Mind the Gap!

New York Theatre Workshop, which is the theatre I chose for my Antigone project and is still proving to catch my interest as a company, has a playwrighting and theatre-making series called Mind the Gap that was created in 2009.

The way it works: for 10 weeks a group of teenagers converse and share stories with people over 60, whom they’ve never met before. Starting off as a larger group, by the end of the program pairs will be formed and writings will be developed based on their partners life. And then read by a professional actor!

What an exciting series! Especially with our discussions revolving around the disappearing or confusing role of the playwright in theatre today. I think this is a really innovative way for theatre artists to become inspired by a completely blank slate. No prior judgement about telling a family story or a friends deepest secret. The way they set it up, you’re stories are being theatrically created through a complete strangers eyes – who will bring their own conceptions and thoughts to what you bring.

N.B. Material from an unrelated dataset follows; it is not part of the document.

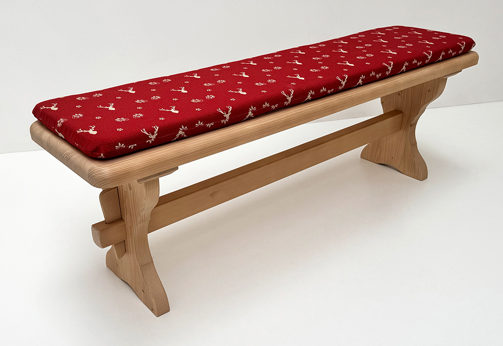Vorbank Lindau, 140 cm, Polster genäht, Stoff Landleben TS-3001 Hirsch rot

I remember last year in playwrighting and adapatation, I struggled to find the right inspiration that would fuel my process along. There’s a sort of healthy distancing in the way the NYTW has set up this workshop series – these plays don’t necessarily become therapeutic but purely artistic. In a world where this line can be easily blurred, this is a great opportunity to create something that is maybe non-existent in your own world.

It also brings up an interesting question about the art of telling stories:

“It’s interesting to see what people focus on, why they tell the stories they do,” Mr. Lewin says. “Who really knows what’s been a defining story in someone’s life? It might have been something small.”

I love this! Why do we feel the need to tell the particular stories we tell? Maybe we need an objective, random, complete stranger to figure out that spark in us. And how does a story build when being feed through the original source to a voice nearly 50 years older than you and then to an unknowing actor and then, hopefully, to an audience of hundreds? Its a really wonderful, innovation and simplistic creation by the NYTW.